Bhaskar Anand, Wang Y X Rachel, Song Yun S
Simons Institute for the Theory of Computing, Berkeley, California 94720, USA; Computer Science Division, University of California, Berkeley, California 94720, USA;
Department of Statistics, University of California, Berkeley, California 94720, USA;
Genome Res. 2015 Feb;25(2):268-79. doi: 10.1101/gr.178756.114. Epub 2015 Jan 6.

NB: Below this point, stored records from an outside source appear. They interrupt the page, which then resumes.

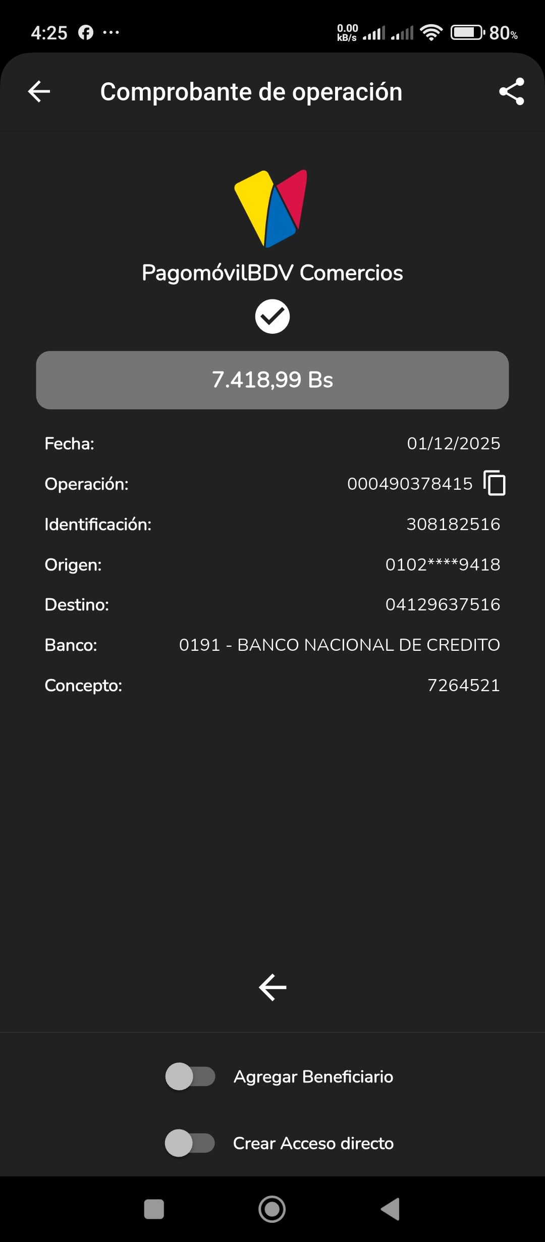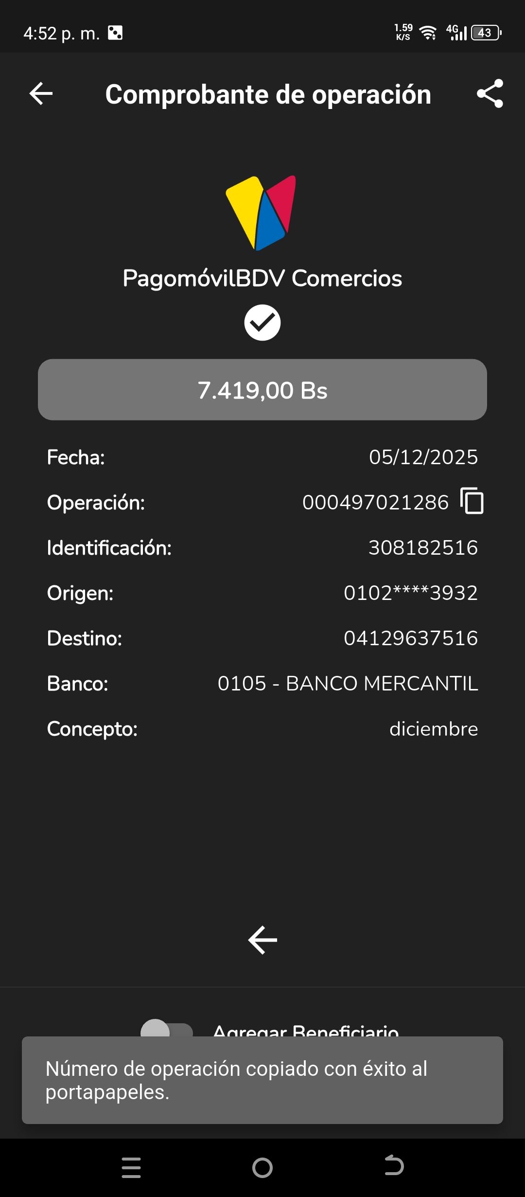 | A51309 | ANDY JESUS ZARATE PERALTA | 2025-12-05 | MERCANTIL-4381-ARAGU | 97021286 | | 7,419.00 BS | 247.30 | REGISTRADO |
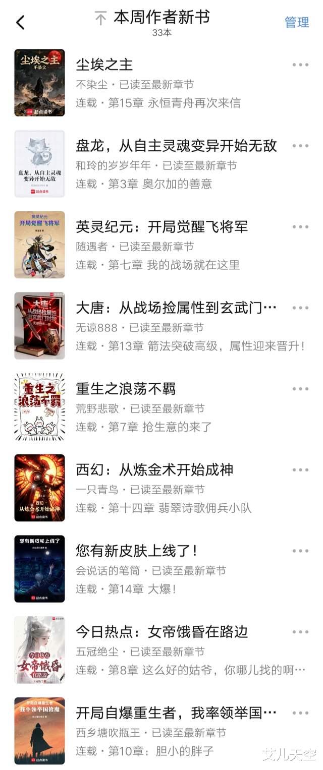 ⑧神见《天地至尊》,《无敌天下》《神剑无敌》的作者,上个月就开书了,九天首发,这周才上了起点渠道的。没上渠道都不知道他已经开了新书,上本《神剑无敌》就是九天那边杀出来的,起点这边也拿到了精品成绩。
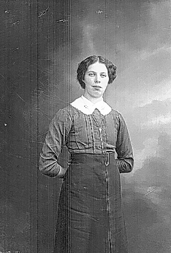 Porträtt av en ung kvinna som står med händerna bakom ryggen.

With the recent increase in study sample sizes in human genetics, there has been growing interest in inferring historical population demography from genomic variation data. Here, we present an efficient inference method that can scale up to very large samples, with tens or hundreds of thousands of individuals. Specifically, by utilizing analytic results on the expected frequency spectrum under the coalescent and by leveraging the technique of automatic differentiation, which allows us to compute gradients exactly, we develop a very efficient algorithm to infer piecewise-exponential models of the historical effective population size from the distribution of sample allele frequencies. Our method is orders of magnitude faster than previous demographic inference methods based on the frequency spectrum. In addition to inferring demography, our method can also accurately estimate locus-specific mutation rates. We perform extensive validation of our method on simulated data and show that it can accurately infer multiple recent epochs of rapid exponential growth, a signal that is difficult to pick up with small sample sizes. Lastly, we use our method to analyze data from recent sequencing studies, including a large-sample exome-sequencing data set of tens of thousands of individuals assayed at a few hundred genic regions.
随着人类遗传学研究样本量最近的增加,从基因组变异数据推断历史种群人口统计学的兴趣日益浓厚。在这里,我们提出了一种有效的推断方法,该方法可以扩展到非常大的样本,包含数万或数十万人。具体而言,通过利用在溯祖模型下预期频率谱的分析结果,并借助自动微分技术(这使我们能够精确计算梯度),我们开发了一种非常有效的算法,用于从样本等位基因频率分布推断历史有效种群大小的分段指数模型。我们的方法比以前基于频率谱的人口统计学推断方法快几个数量级。除了推断人口统计学,我们的方法还可以准确估计基因座特异性突变率。我们在模拟数据上对我们的方法进行了广泛验证,并表明它可以准确推断多个近期快速指数增长的时期,这是小样本量难以检测到的信号。最后,我们使用我们的方法分析近期测序研究的数据,包括在数百个基因区域检测的数万人的大样本外显子测序数据集。